# This file is a work of a US government employee and as such is in the Public domain.
# Simson L. Garfinkel, March 12, 2012

Hi Guys,
  As discussed I finally finished implementing the AFF4 encryption
scheme based on the RDF dataType. A Cipher is an RDF dataType which
takes care of encrypting blocks. Each implementation is responsible
for serialising itself and parsing itself from the RDF serialization.

This is how the API works:

## Make the volume
volume = oracle.create(pyaff4.AFF4_ZIP_VOLUME)
volume.set(pyaff4.AFF4_STORED, url)
volume = volume.finish()
volume_urn = volume.urn
volume.cache_return()

## Make the image
image = oracle.create(pyaff4.AFF4_IMAGE)
image.set(pyaff4.AFF4_STORED, volume_urn)
image = image.finish()
image_urn = image.urn
image.cache_return()

# Make the encrypted stream
encrypted = oracle.create(pyaff4.AFF4_ENCRYTED)
encrypted.urn.set(volume_urn.value)
encrypted.urn.add(SOURCE)

encrypted.set(pyaff4.AFF4_STORED, volume_urn)
encrypted.set(pyaff4.AFF4_TARGET, image_urn)

## Set the certificate:
cipher = oracle.new_rdfvalue(pyaff4.AFF4_AES256_X509)
cert_urn = pyaff4.RDFURN()
cert_urn.set(CERT_LOCATION)
cipher.set_authority(cert_urn)

## Add the cert cipher to the encrypted stream
encrypted.add(pyaff4.AFF4_CIPHER, cipher)

## Now just for fun we also want a password cipher:
cipher = oracle.new_rdfvalue(pyaff4.AFF4_AES256_PASSWORD)
encrypted.add(pyaff4.AFF4_CIPHER, cipher)
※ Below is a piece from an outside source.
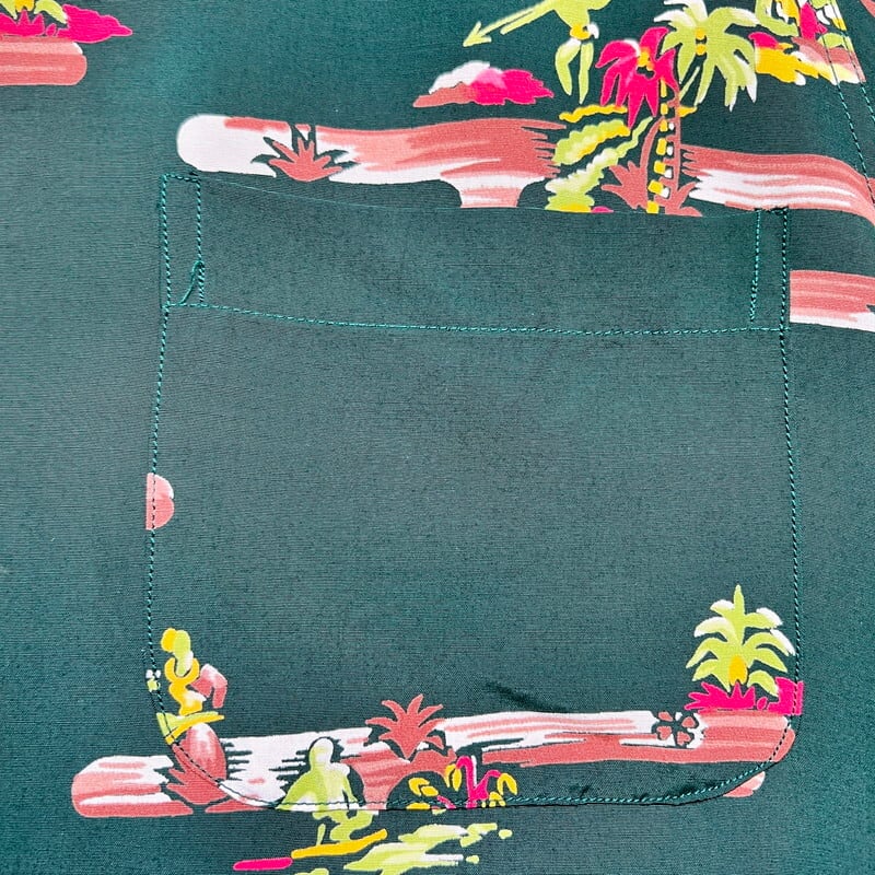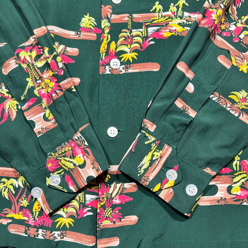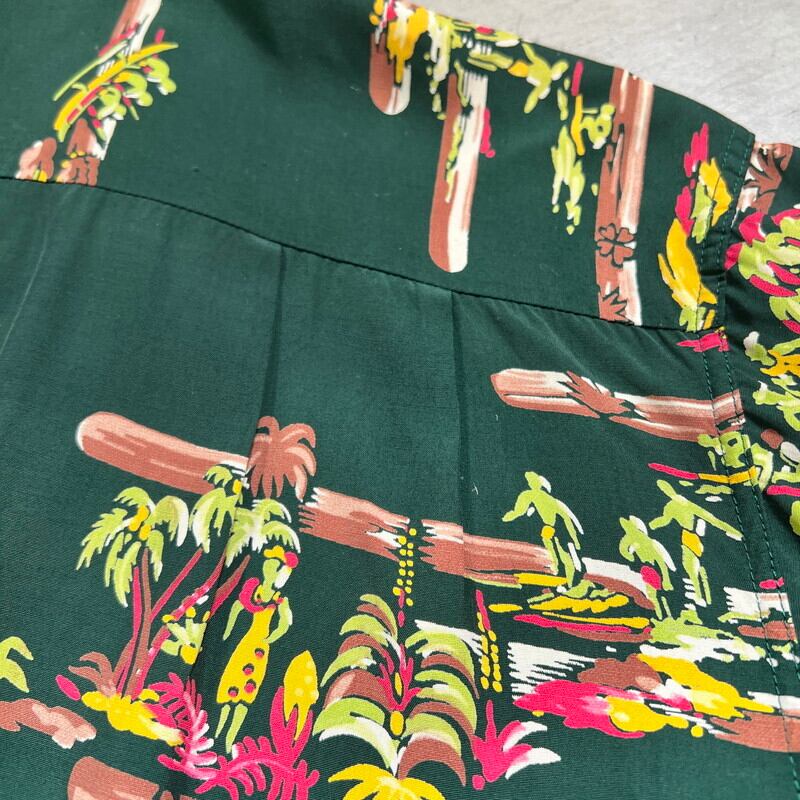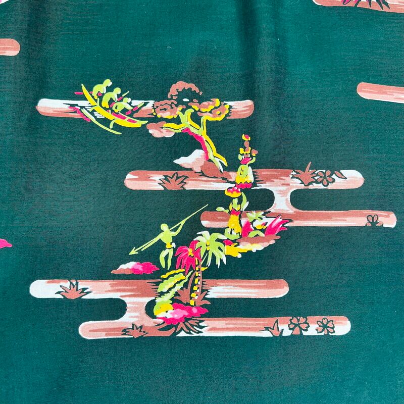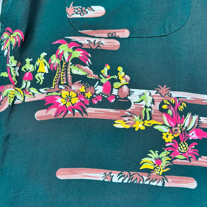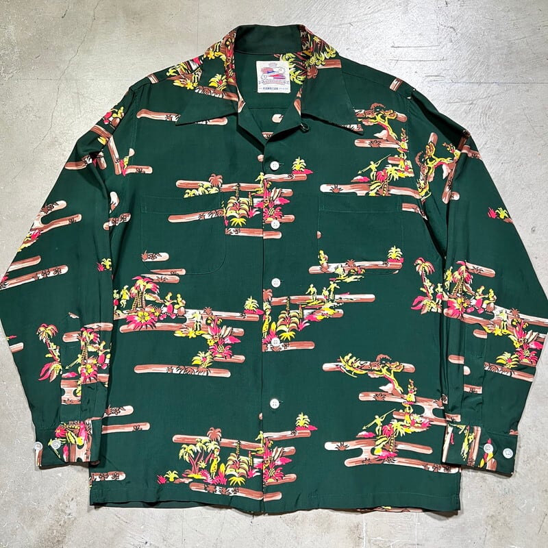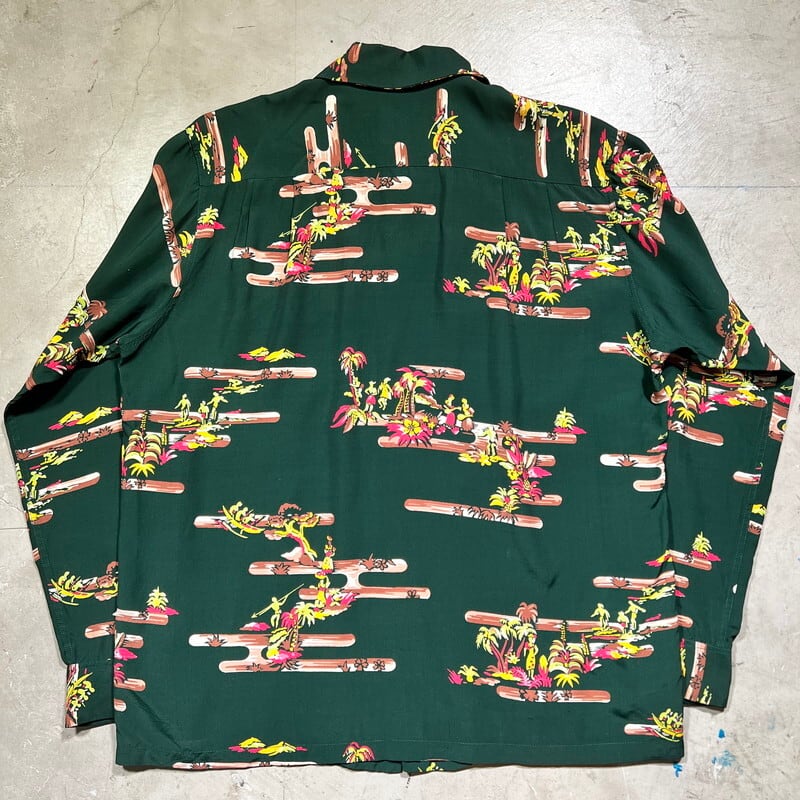 SPECIAL!! 40's DUKE KAHANAMOKU デュークカハナモク 長袖レーヨンハワイアンシャツ アロハシャツ オールオーバーパターン シェルボタン フラガール サーファー アウトリガーカヌー パームツリー グリーン Mサイズ 美品 希少 ヴィンテージ BA-1827 RM2246H
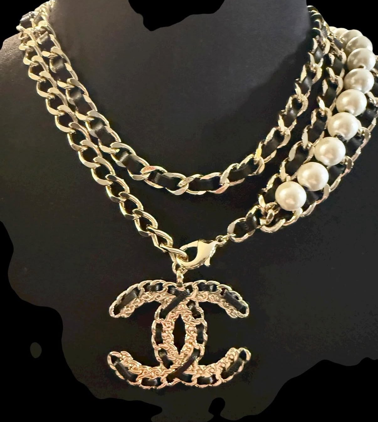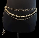 This bold piece mixes woven chain, lustrous pearls, and a large upcycled statement charm for maximum impact. Wear it around your neck in multiple ways… or rock it as a chic belt for a totally unexpected twist. 💫

## Ok done with the encrypted stream
encrypted = encrypted.finish()
encrypted_urn = encrypted.urn

## Copy the source to the encrypted stream.
infd = open(SOURCE)
while 1:
   data = infd.read(2**24)
   if not data: break

   encrypted.write(data)

## Close everything down now
encrypted.close()

image = oracle.open(image_urn, "w")
image.close()

volume = oracle.open(volume_urn, 'w')
volume.close()


Basically the general pattern for creating any object entails the
general pattern:

1) Create a new object via oracle.create(TYPE_OF_OBJECT)
2) Set various attributes on the object via object.set() or object.add()
3) Finish the creation of the object via object.finish().
4) Use the object however you want
5) Return the object to the cache via object.cache_return()

For most objects we dont need to use them directly but we need to have
their URNs which we keep around in order to set other attributes on
other objects. Once we returned the object to the cache we do not own
it any more and can not touch it. So to close the objects we need to
call oracle.open() to receive it by URN. (there is a locking semantic
here in which the object is locked to our thread between the
create/open call and the cache_return() - thats why we can not touch
it outside these calls).

The resulting RDF from the above is:
@base <aff4://a1f70e3d-46cf-497e-9537-fb4aa937e827> .
@prefix rdf: <http://www.w3.org/1999/02/22-rdf-syntax-ns#> .
@prefix aff4: <http://afflib.org/2009/aff4#> .
@prefix xsd: <http://www.w3.org/2001/XMLSchema#> .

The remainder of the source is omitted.